GLOSSARY
The English language, extraordinarily rich and expressive in everything that concerns the practical or the imaginative life, suffers from the poverty and lack of precision of English æsthetic thought. It may therefore be useful to indicate briefly the special sense in which certain terms are used in this essay.
“Spectator: I should say that you have advanced a subtlety that is little more than a play on words.
“Friend: And I maintain that when we are speaking of the operations of the soul, no words can be delicate and subtle enough.”—Goethe.
Art—Any creation of the imagination, whether in the form of imaginative literature or of painting, sculpture, music, etc.
Artist—The creator of a work of art in any of its forms; not used in this essay in the narrower sense of painter or sculptor.

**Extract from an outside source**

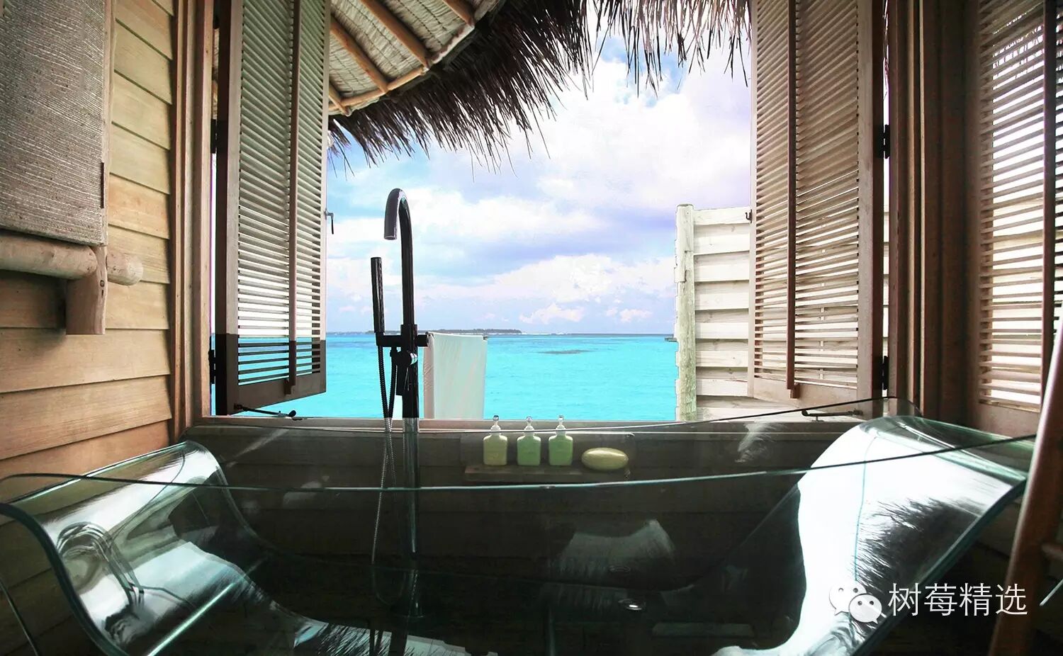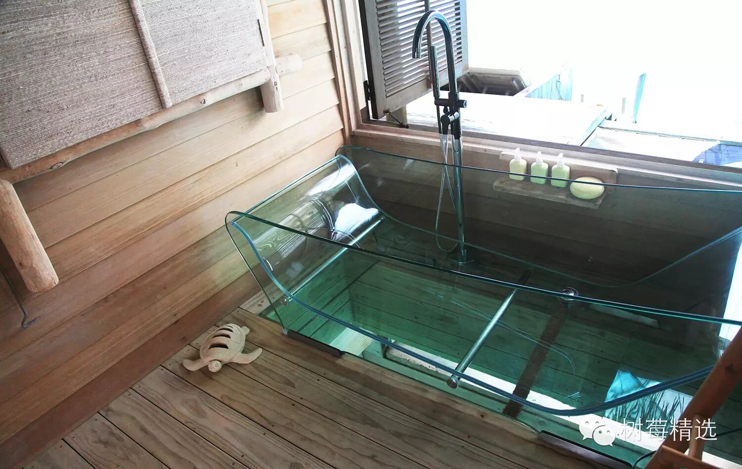 洗澡间里有个全透明的玻璃浴缸,这也是水屋司空见惯的设计 -- 整个浴缸下面是可以直接看到海的,偶尔有鱼群游过,像是沐浴在海里,躺在其中感觉很爽。

Taste—The faculty of imaginative sympathy by which the reader or spectator is able to re-live the vision of the artist, and therefore the essential pre-requisite to all criticism.
Criticism—Any expression of taste guided by knowledge and thought. (The critic’s training in knowledge is scholarship, and his special field of thought æsthetics.)
Æsthetics—An ordered and reasoned conception of the meaning and purpose of art, intended for the guidance of the critic and not of the artist.
A Literary Theory—An isolated “idea” or theory in regard to imaginative literature, without reference to any ordered and reasoned conception of its meaning and purpose.